Here is how the NYT article began:
What do households on food stamps buy at the grocery store?
The answer was largely a mystery until now. The United States Department of Agriculture, which oversees the $74 billion food stamp program called SNAP, has published a detailed report that provides a glimpse into the shopping cart of the typical household that receives food stamps.
The findings show that the No. 1 purchases by SNAP households are soft drinks, which accounted for 5 percent of the dollars they spent on food. The category of “sweetened beverages,” which includes fruit juices, energy drinks and sweetened teas, accounted for almost 10 percent of the dollars they spent on food.
Had the NYT’s intention been to provide arguments to those who wish to dismantle SNAP–a program which, in 2014, provided an average of $125 to spend on food to 46.5 million Americans with low or no income; that’s one in seven Americans–it wouldn’t have done a better job. This is especially given that title: “In the Shopping Cart of a Food Stamp Household: Lots of Soda.”

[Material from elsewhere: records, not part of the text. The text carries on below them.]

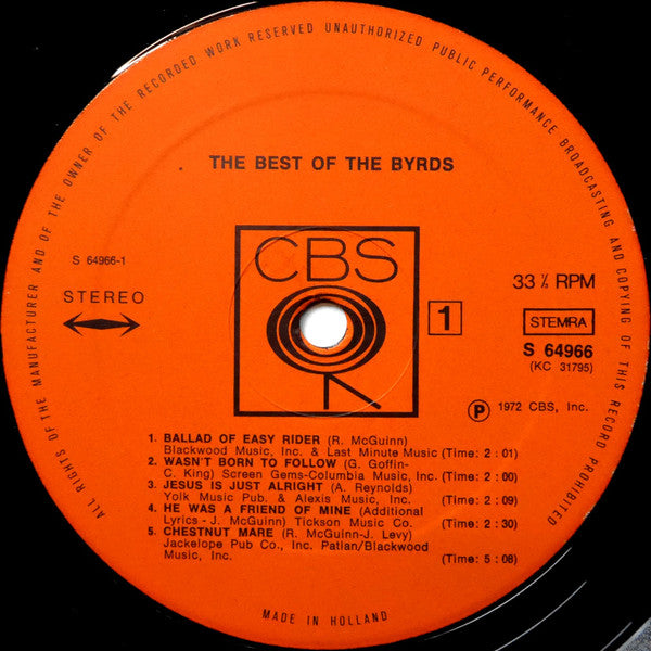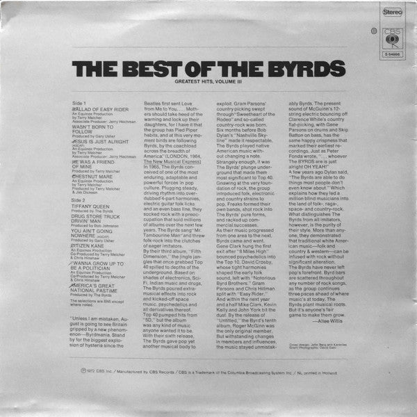 A1. Ballad Of Easy Rider 2:01 A2. Wasn't Born To Follow 2:00 A3. Jesus Is Just Alright 2:09 A4. He Was A Friend Of Mine 2:30 A5. Chestnut Mare 5:08 B1. Tiffany Queen 2:40 B2. Drug Store Truck Drivin' Man 3:52 B3. You Ain't Going Nowhere 2:34 B4. Citizen Kane 2:34 B5. I Wanna Grow Up To Be A Politician 2:02 B6. America's Great National Pastime 2:58
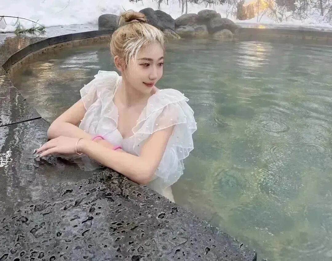 还有奇妙“魔法”:从温泉起身时,热气腾腾中发型竟变成雾凇状。
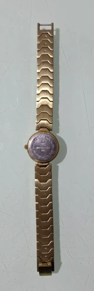 Elegante reloj de pulsera con correa de cuero. - Esfera redonda. - Detalles en tono dorado. - Correa de cuero marrón. Es necesario cambiar la batería y volver a colocar las dos rayas del dial en su sitio. En general, el estado es bueno
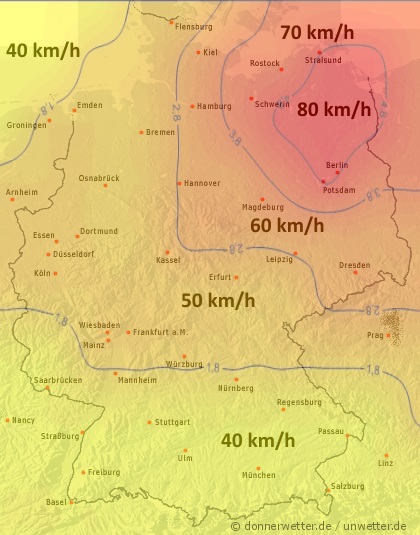 Unsere Karte zeigt die zu erwartenden Spitzenwindgeschwindigkeiten in Deutschland am Freitag:
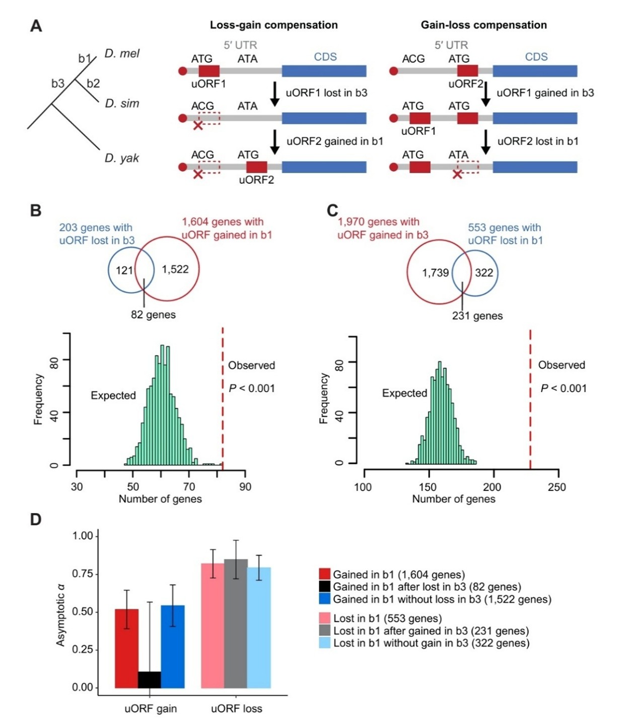 图3:uORF演化补偿机制及其选择压力分析。A. uORF演化补偿模式示意图;B. uORF“丢失-获得”补偿的观测值与期望值比较;C. uORF“获得-丢失”补偿的观测值与期望值比较;D. 不同类别uATG获得与丢失事件的渐近McDonald-Kreitman检验估计值(α)。
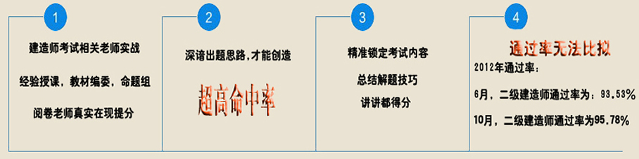 中心自称2003年从事职业资格考试考前培训工作以来,承担着注册房地产估价师、房地产经纪人、一二级建造师、物业管理师等执业资格考试的考前培训工作,以教学质量好、考试通过率高而赢得广大考生和企业认可。2012年经我中心辅导参加一二级建造师考试的考生考试均取得了较理想的成绩,考试通过率在同类培训机构中名列前茅。
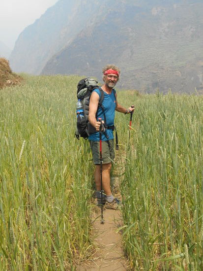 Nach einer Nacht auf sehr harter Matratze steigen wir langsam abwärts. Unser Weg führt uns auf und ab durch Terrassenfelder mit Weizen, Gerste und Hirse. Die Kartoffel wächst zusammen mit Bohnen, der Mais zusammen mit Erbsen. Die Hirse ist reif und wird gerade geerntet. In den kleinen Ortschaften unterwegs gibt's immer wieder schöne Begegnungen mit den Menschen. Da eine Hängebrücke seit dem Erdbeben zerstört ist, müssen wir abenteuerlich, über Steine hüpfend einen kleinen Fluss überqueren. Die Sonne brennt den ganzen Tag sehr stark und macht das Laufen anstrengend. Um 2 Uhr am Nachmittag kommen wir schon in Kapurgon, unserem heutigen Tagesziel, an. Ein kleines Dorf ohne Shop und Guesthouse. Tina hat wegen zuviel Sonne und zuwenig trinken Kopfweh und verschwindet erst mal an einen Schattenplatz zum Mittagsschlaf. Angelo läuft mit Rahul noch ins Nachbardorf um ein paar Lebensmittel für's Abendessen einzukaufen. Ich laufe ein bisschen durchs Dorf und bin bald von Menschen umringt, die sich von mir fotografieren lassen wollen um dann die Fotos im Kameradisplay anzuschauen. Es gibt hier kaum Spiegel, der eigene Anblick ist etwas Besonderes. Auch hier treffe ich wieder Menschen, die noch kaum einen Touristen zu Gesicht bekommen haben. Ein ganz besonderer Nachmittag. Später kommt Angelo vom Einkaufen zurück und hat zwei Flaschen Everst-Bier für den Abend mitgebracht. Rahul kommt erst später, er hat noch einen befreundeten Guide mit Träger getroffen die mit zwei Gästen unterwegs sind. Nach dem Abendessen ( Dhal Bat ) genießen wir unser Bier.
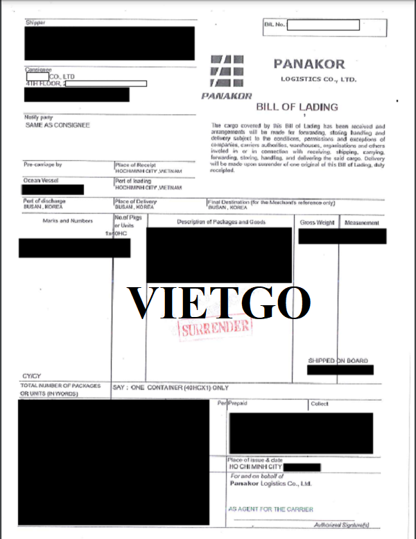 Hình ảnh Vận đơn đường biển do vị khách hàng cung cấp
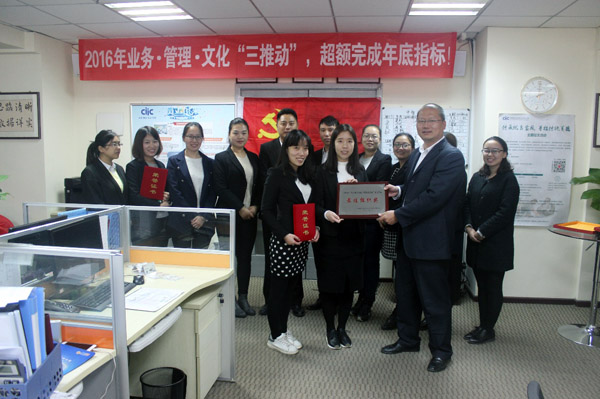 河南黨支部書記耿俊華同志領取了集團黨委授予的“最佳組織獎”獎牌,并向獲獎征文作者授予榮譽證書 |
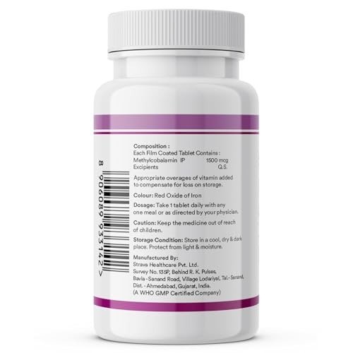 INLIFE Vitamin B12 1,500 mcg Methylcobalamin Tablets | Supports Energy & Nervous System Health for Men & Women – 60 Tablets
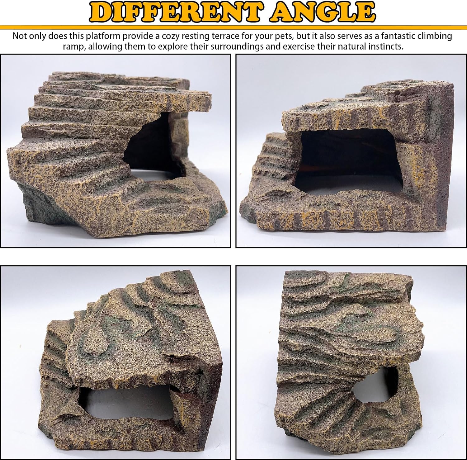 - 【PLAY AND REST】Your reptiles get a natural opportunity to hide or play, satisfying a healthy desire for coolness, privacy and protection; Provides and elevated platform for your pet to bask and warm up.
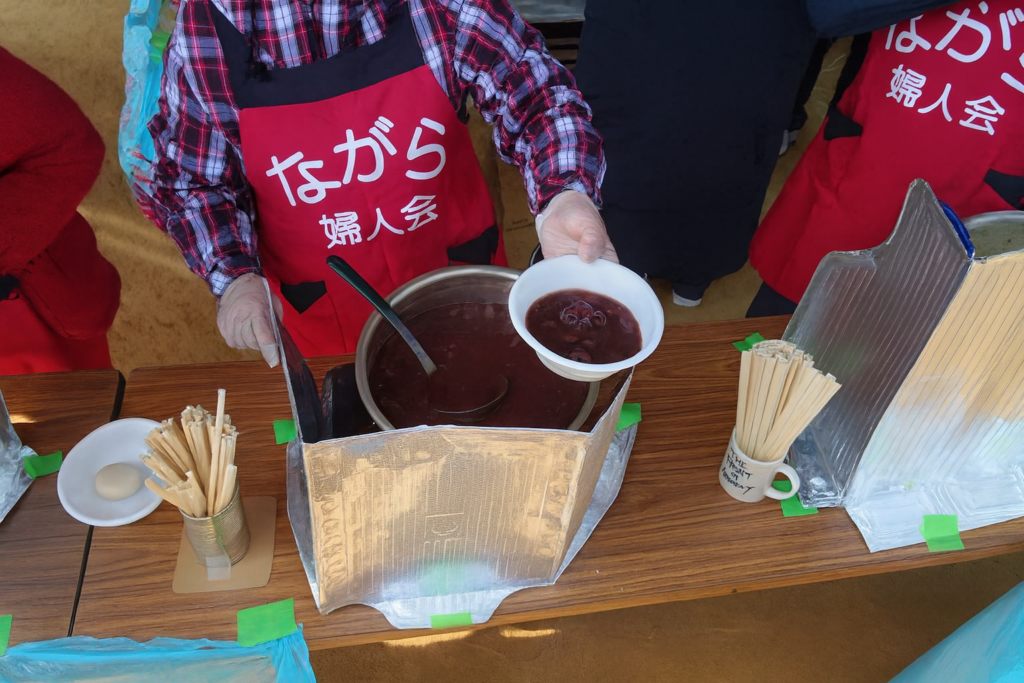 婦人会の皆様も、ご苦労様でした。ぜんざいにみえますか。ぜんざいですよ。(笑)
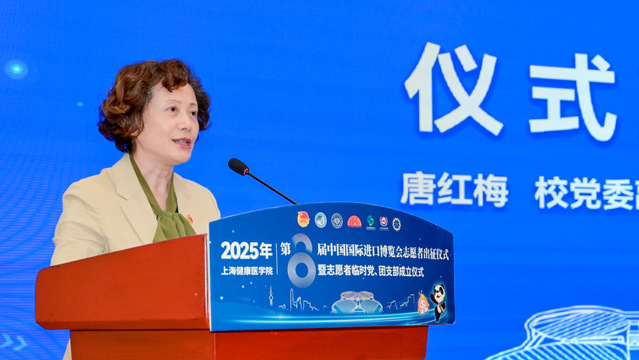 校党委副书记、副校长唐红梅代表学校向到场来宾致以热烈欢迎,并向长期支持学校进博会志愿服务的团市委、卫健委、健康促进中心,以及全体健康“小叶子”们表示衷心地感谢。她指出,健康“小叶子”们已连续多年投身进博舞台,尤其在爱国卫生与健康促进岗位上持续发力,以医学生专业素养在岗位上解答健康问询、普及卫生知识,成为进博会上的靓丽风景。部分“二、三年级”的同学更是续写与进博的缘分,充分彰显服务成效。临近开幕,唐红梅希望同学们牢记“健康所系,性命相托”的初心,以青春之我,展现青春之上海、青春之健康、青春之中国,让世界看到中国青年向上向善的精神风貌。

My Twitter feed came alive with (justified) criticism of the article. My University of Minnesota colleague Joe Soss wrote a long response on his Facebook page which should be read in full to appreciate just how bad the NYT reporting was, part of which reads as follows:
The story hammers away at the idea that “the No.1 purchases by SNAP households are soft drinks, which account for about 10 percent of the dollars they spend on food.” Milk is No. 1 among non-SNAP households, we’re told, not soft drinks. At the start of the article, [NYT reporter Anahad] O’Connor frames these and other alleged facts with a quote that tells readers what SNAP really is: “SNAP is a multibillion-dollar taxpayer subsidy of the soda industry.” The story doubles down on this misleading image of the program by ending with a discussion of how the big soda companies lobby to keep the SNAP funds flowing — and with a quote asserting, “This is the first time we’ve had confirmation that this massive taxpayer program is promoting all the wrong kinds of foods.”
I want to be clear here: This is bullshit. It’s a political hack job on a program that helps millions of Americans feed themselves, and we should all be outraged that the NYT has disguised it as a piece of factual news reporting on its front page …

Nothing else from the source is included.